● TASK TO COMPLETE
Up to and including the line that contains "Hot surface, do", repeat the entries below exactly from the first line on. Do not carry over any pictures.
═════ DATA UNDER STUDY
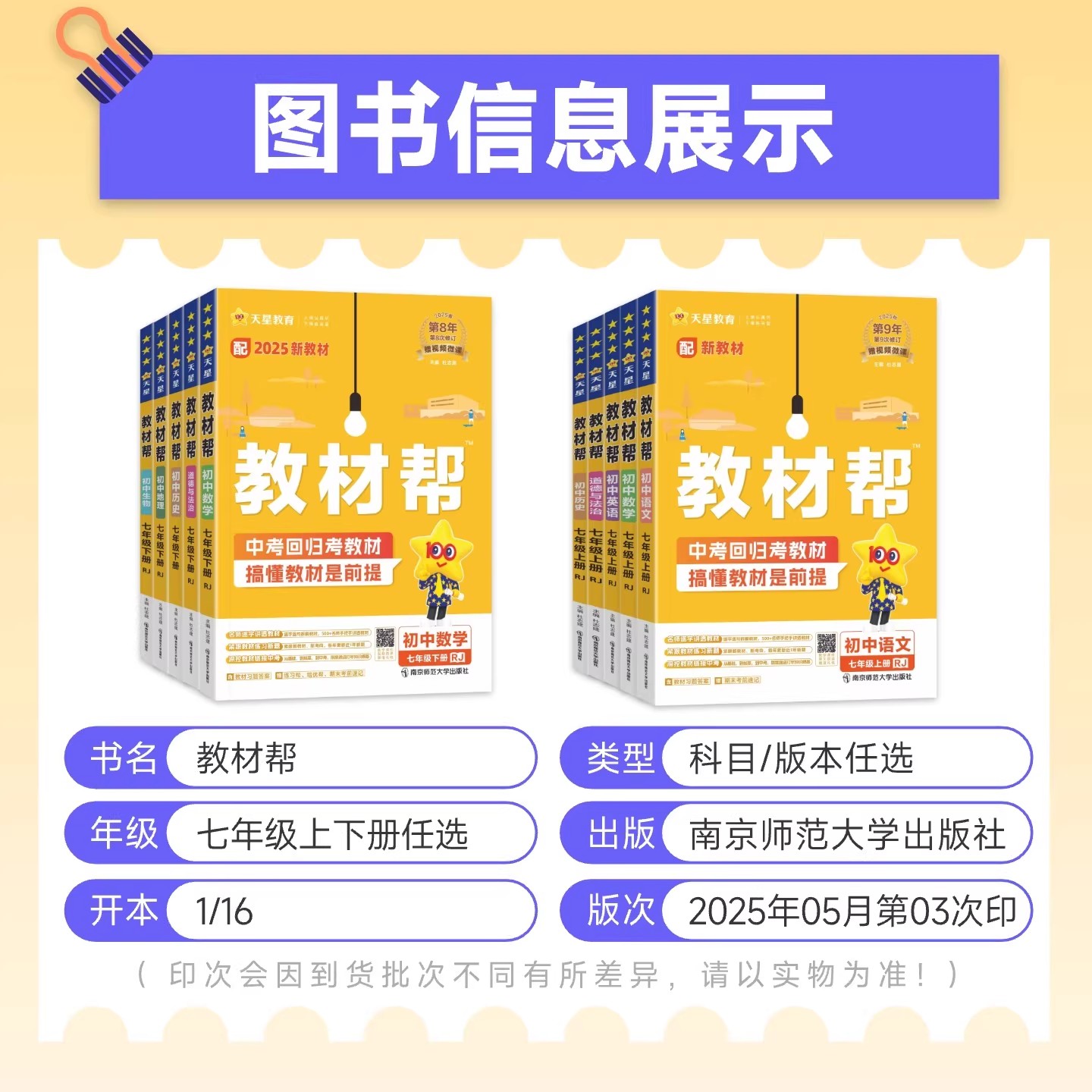 2025秋天星初中教材帮初一七年级上下册小四门政治道法历史地理生物人教版 教材同步课本一课一练7上会考必背知识点必刷题册 湘教版
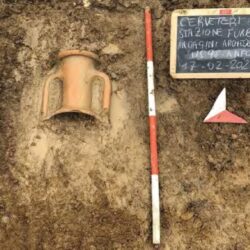 etrusca impressa su un’anfora vinaria recuperata all’interno di uno degli ambienti indagati.
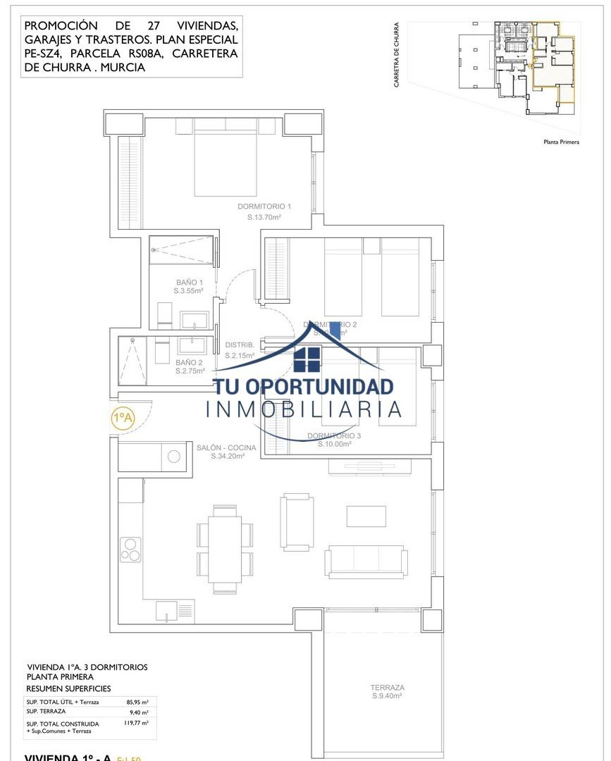 Se vende. Piso de obra nueva ubicada entre Juan Carlos I y Juan de Borbón, “carretera de Churra”.
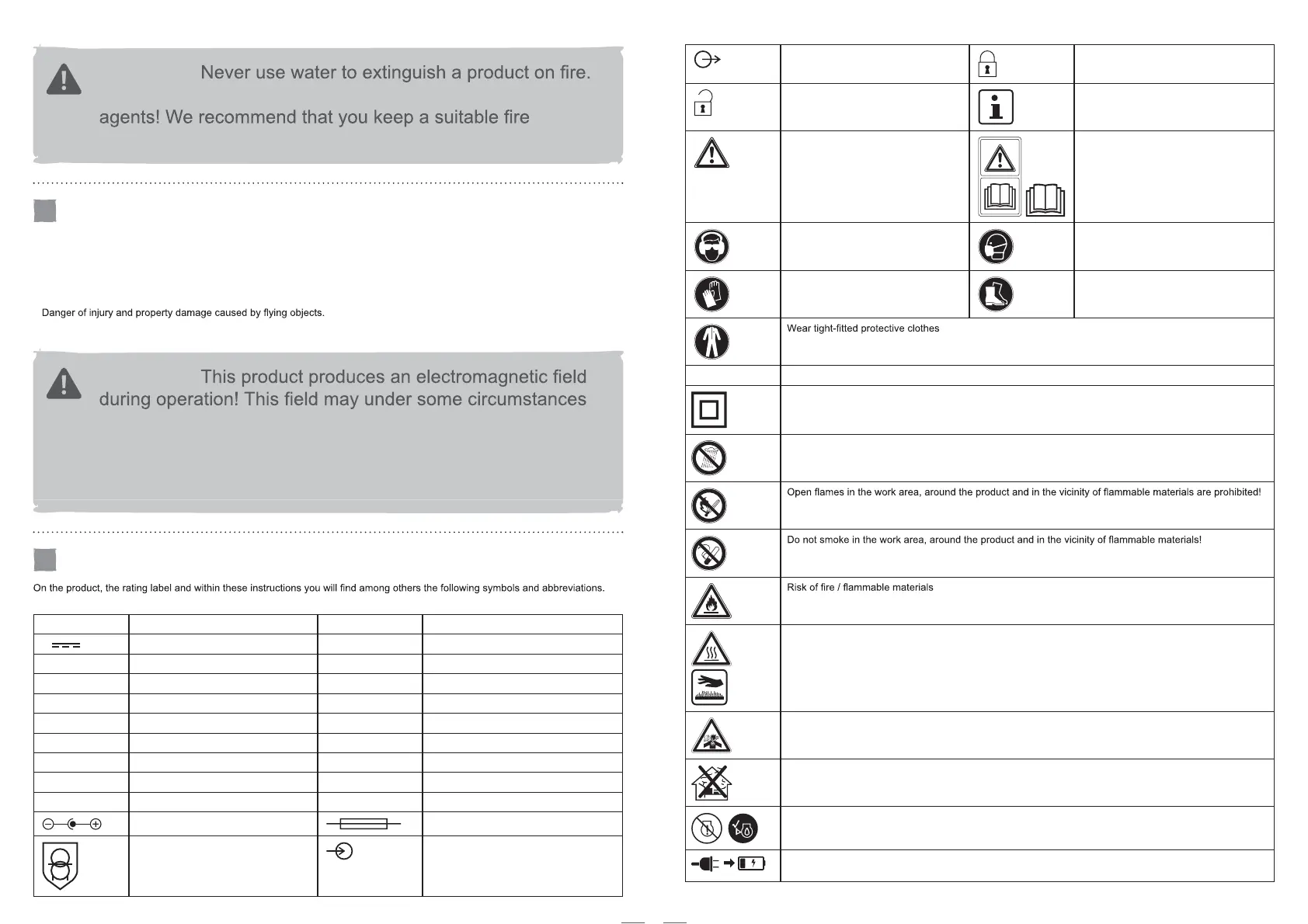Hot surface, do not touch! High temperatures on the product’s surfaces and structural parts that could
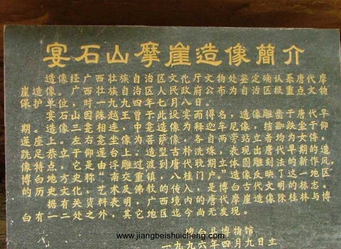 宴石寺正門上書有“宴石寺”三字。它的門聯(lián)和重門聯(lián)為:“宴會群仙地,石開一洞開”、“宴石鐘靈千古秀,仙橋毓秀萬年居”聯(lián)首分別嵌上“宴石”和“宴石仙橋”顯然把宴石寺、宴石山、宴石仙橋三景融為一體。宴石山壁立如削,寺頂平坦,密草叢叢,荊蘿盤生,輕紗般的霧靄在林間回蕩飄逸。版權(quán)所有山東聊城聊之旅國際旅行社有限公司,轉(zhuǎn)載必究!往昔,山頂正中有一泓清泉,波光如鏡,池中五彩斑斕的菩薩魚與藍(lán)天白云相映,恍如神魚遨游蒼穹;山頂清泉從峭壁上飛瀉而下,擊中陡崖的凸處,濺起霧珠,被陽光染成七色彩珠,仿佛為宴石寺石山披上一輪佛光,讓人更添神往。站在宴石山頂向東望去約10公里有雞婆石,它象一個正孵蛋的母雞蹲在雞窩中,在它的背脊上有一個歪著腦袋窺天的“雛雞”,筆者曾爬上過此山,僅用一個手指就算有百十人共同出力,也休想挪開它半寸。向南看,蜿蜒的南流江下游約3公里,在兩處山峽間有一個大平湖,這就是東漢伏波將軍馬援當(dāng)年為平交趾叛亂,動用十萬兵士疏鑿出來的馬門灘。向西看去,巍峨雄偉的云飛樟矗立天極,它的身后就是峰巒疊嶂的六萬大山。向北觀看,遠(yuǎn)處是煙靄籠罩的博白城;中間有一座昂天嘯吼的獅子石山,它口中冉冉騰起熱浪直沖云霄;近處又是丹霞地貌最典型的紫陽冠了,它像一定圓形的禮帽,扣在地表上。在宴石山頂,山風(fēng)習(xí)習(xí),颯氣沐身,環(huán)顧四周,頓覺宴石山成了宇宙的中心,整個乾坤都渺小了。再有江東岸寺西石壁上鐫有神像三尊。摩崖造像雕鑿在離河面約15米的紅砂巖石崖壁上,高三米。中龕坐佛一尊,左右龕為一佛二菩薩。佛像頭部長方形,兩耳垂肩,身披袈裟,袒右肩,結(jié)跏跌坐于束腰式須彌高蓮座上。左右兩龕佛座各辟一小龕,內(nèi)雕獸頭。造像無題記,從雕刻風(fēng)格及其造型、面像、服飾分析,應(yīng)是隋唐或水稍前刻成,自治區(qū)旅游局認(rèn)定是“廣西第一摩崖”,是目前廣西境內(nèi)已知年代最早的摩崖造像之一。摩崖造像地處漢、唐中原交趾(今越南)交通要道南流江畔,為研究我國佛教的發(fā)展和南傳提供了可貴的資料。清道光十二年縣志載,摩崖旁“有臨江巨佛一座,高五十余丈,未窮何年所鑿”。遺憾的是,此巨佛在清末或民國初已倒塌跌落江中,現(xiàn)僅留佛座底裙,尚依稀可辨。
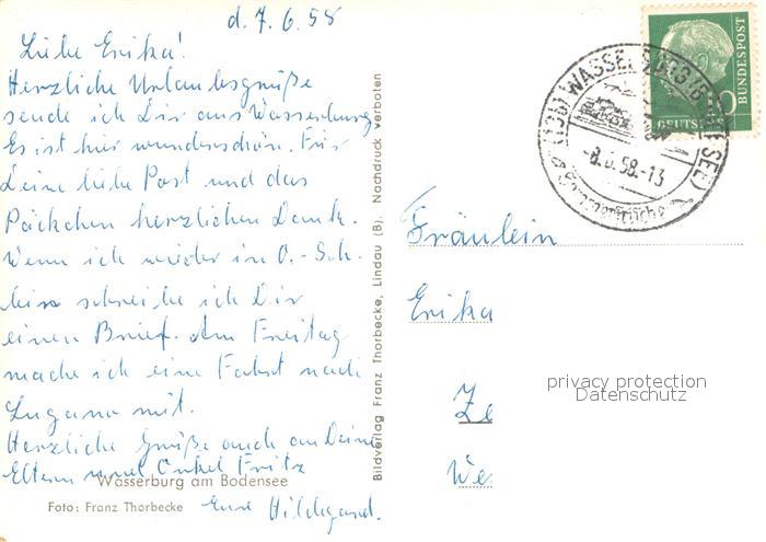 73647386 alte Postkarte Wasserburg Bodensee Fliegeraufnahme postalisch gelaufen Erhaltung siehe scans [WerneD78] KatCode: 11110009776128
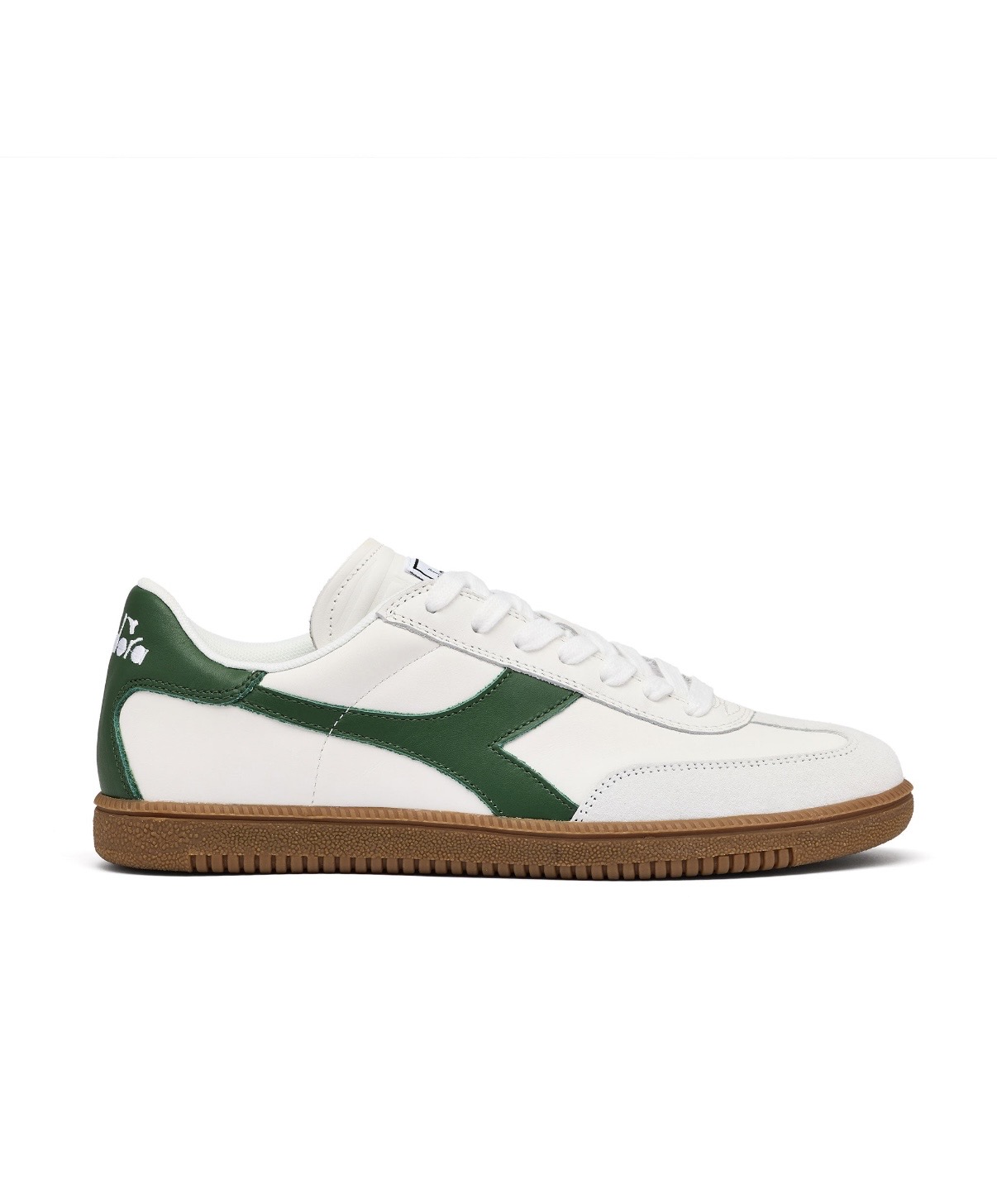 Stijlvolle retro sneakers van Diadora Heritage in een frisse wit-groene kleur. Het model Trainer combineert een klassieke sportlook met moderne comfort. De gum zool en suède details geven de sneaker een authentieke vintage uitstraling.
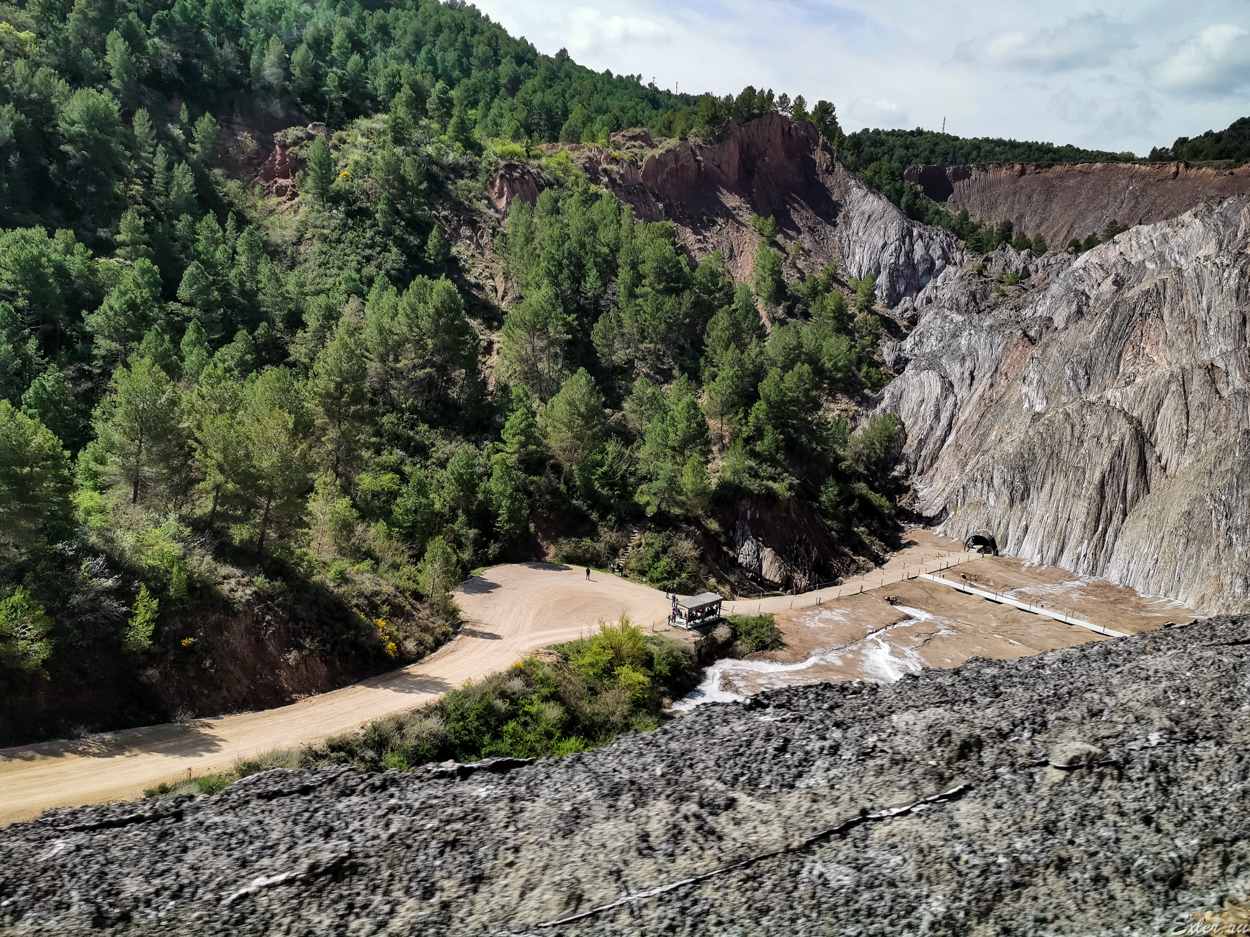 Вид на месторождение сверху. По дороге в центре небольшие автобусы везут туристов. Их высаживают на остановке, которая видна справа сверху там, где заканчивается дорога, после чего группы ведут в Соляную гору, вход в которую находится где-то в пятидесяти метрах от остановки.
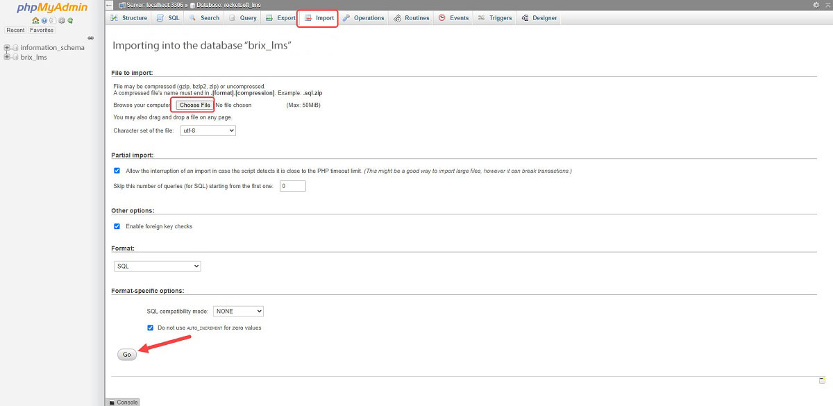 Go to phpMyAdmin and select the created database from the side menu and click on the “Import” tab.
══════════
● ANSWER
 2025秋天星初中教材帮初一七年级上下册小四门政治道法历史地理生物人教版 教材同步课本一课一练7上会考必背知识点必刷题册 湘教版
 etrusca impressa su un’anfora vinaria recuperata all’interno di uno degli ambienti indagati.
 Se vende. Piso de obra nueva ubicada entre Juan Carlos I y Juan de Borbón, “carretera de Churra”.
Hot surface, do not touch! High temperatures on the product’s surfaces and structural parts that could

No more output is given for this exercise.